Tencent is offering three-year notes at about 140 basis points more than Treasuries and five-year debt at a spread of about 185 basis points.

Sinochem Offering

Sinochem is selling five-year debentures at about 175 basis points more than U.S. bonds. Korea Expressway, the country’s highway builder, is offering a three-year note at a spread of about 100 basis points.

Kasikornbank is selling its securities at about 200 basis points more than Treasuries, and Union Bank of India is marketing a similar-maturity bond at a premium of about 290 basis points, people said.

Woori Bank Co. hired banks as it considers offering Basel III-compliant dollar notes, according to a person familiar with the matter.

The cost of insuring Asia-Pacific corporate and sovereign bonds declined today. The Markit iTraxx Asia index of 40 investment-grade borrowers outside Japan fell 1 basis point to 120.5 basis points as of 8:35 a.m. in Singapore, Australia & New Zealand Banking Group Ltd. prices show. The gauge is on course to decline to the lowest level since April 10, according to data provider CMA.

The Markit iTraxx Australia index decreased 1.25 basis points to 97.25 as of 10:33 a.m. in Sydney, according to Citigroup Inc.
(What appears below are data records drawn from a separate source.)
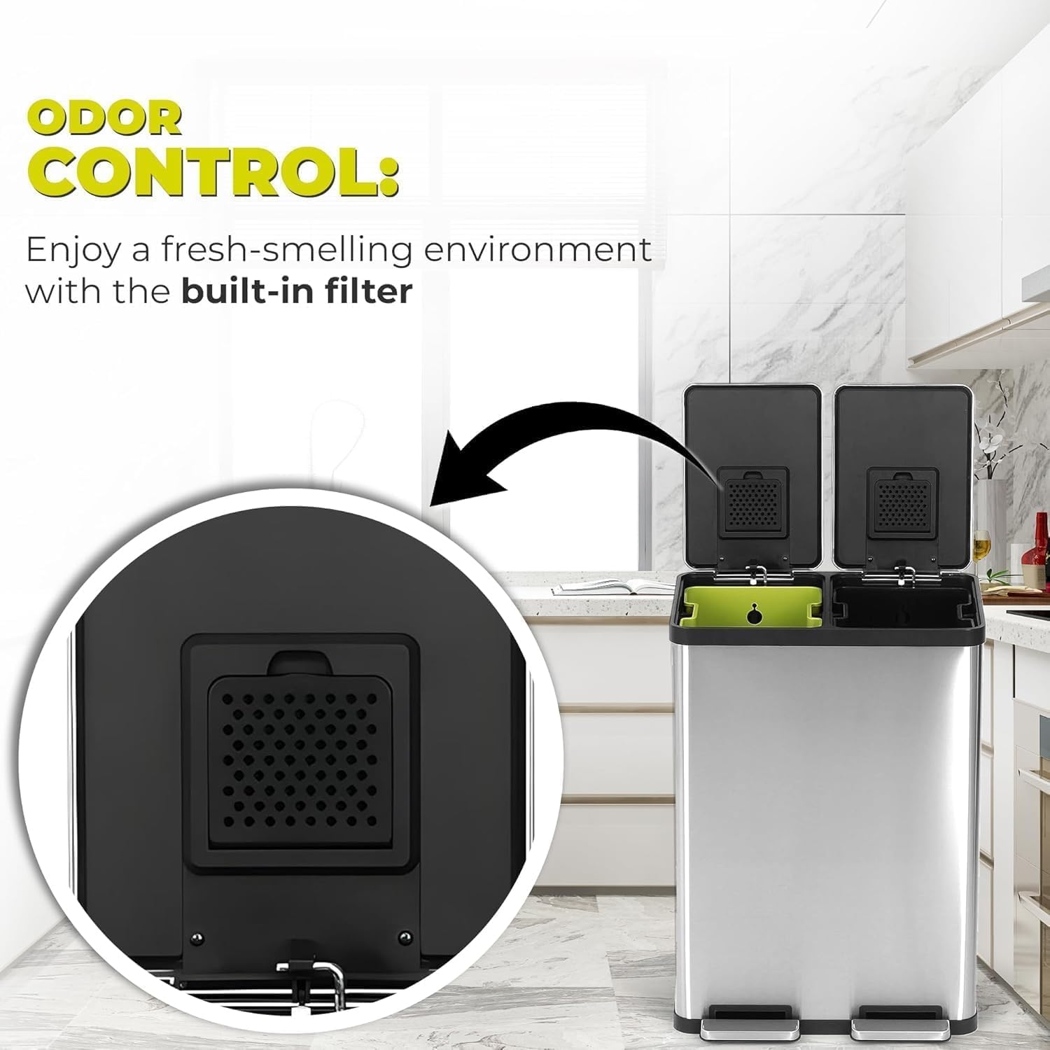 SIMPLI-MAGIC 16 Gallon (60L) Dual Compartment Step Trash Can – Kitchen Garbage Can with Waste & Recycling Bins – Slow-Close Lid, Odor Control, Hands-Free, Inner Bases, Premium Stainless Steel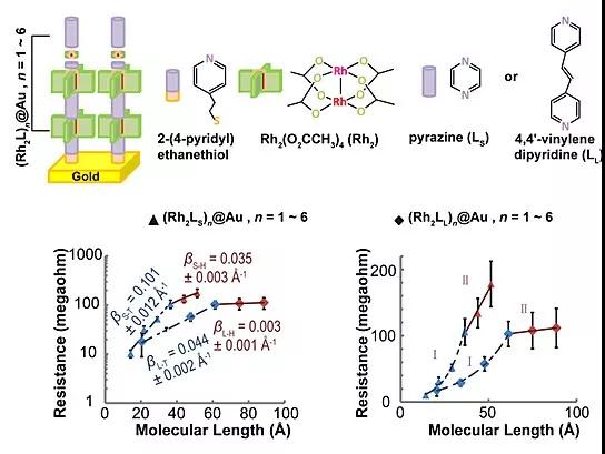 图1. Rh2-有机分子导线的组装和导电性分析
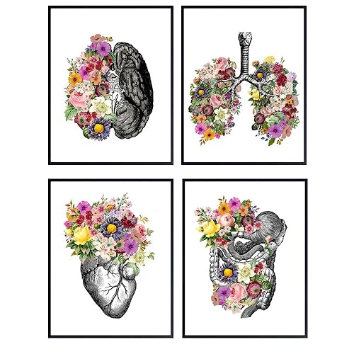 Amazon Com Flower Organs Wall Art Set Of Four Matte 8x10 Inches Floral Anatomy Posters Lungs Skull Brain Heart Retro Wall Decor For Doctors Office Clinic Med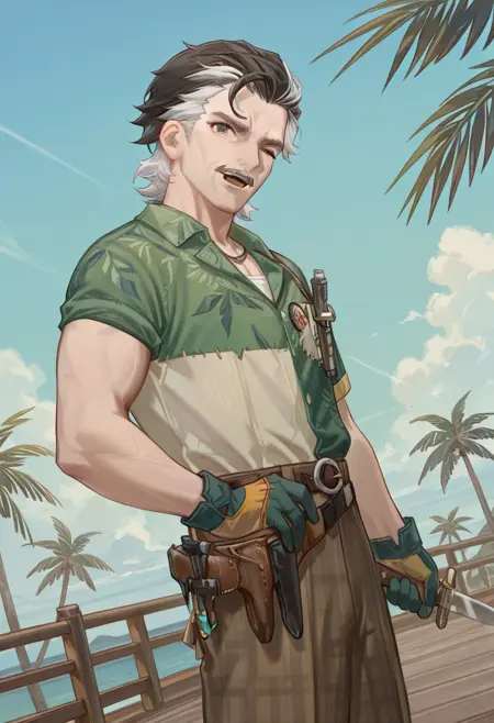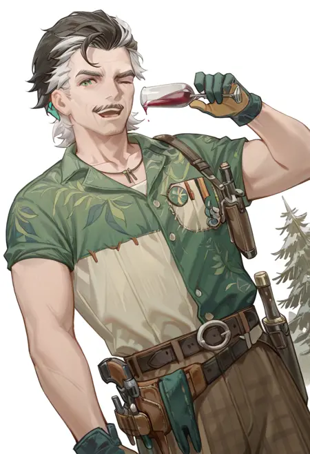 duncan,成熟男性,绿色图案衬衫,皱纹皮肤,肌肉发达,张着嘴,手套,双色头发,胡须,枪套,短发,棕色长裤,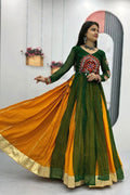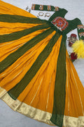 New Navratri Collection Yellow Lehenga Choli With Green Long Shrug For Girls

The benchmark is on track for its biggest one-day drop, and lowest close, since April 10, according to CMA, which is owned by McGraw-Hill Cos. and compiles prices quoted by dealers in the privately negotiated market.

The Markit iTraxx Japan index was little changed at 84.25 basis points as of 9:32 a.m. in Tokyo, Citigroup prices show.

Credit-default swap indexes are benchmarks for insuring bonds against default and traders use them to speculate on credit quality. A drop signals improving perceptions of creditworthiness, while an increase suggests the opposite.

The swap contracts pay the buyer face value in exchange for the underlying securities should a borrower fail to meet its debt agreements.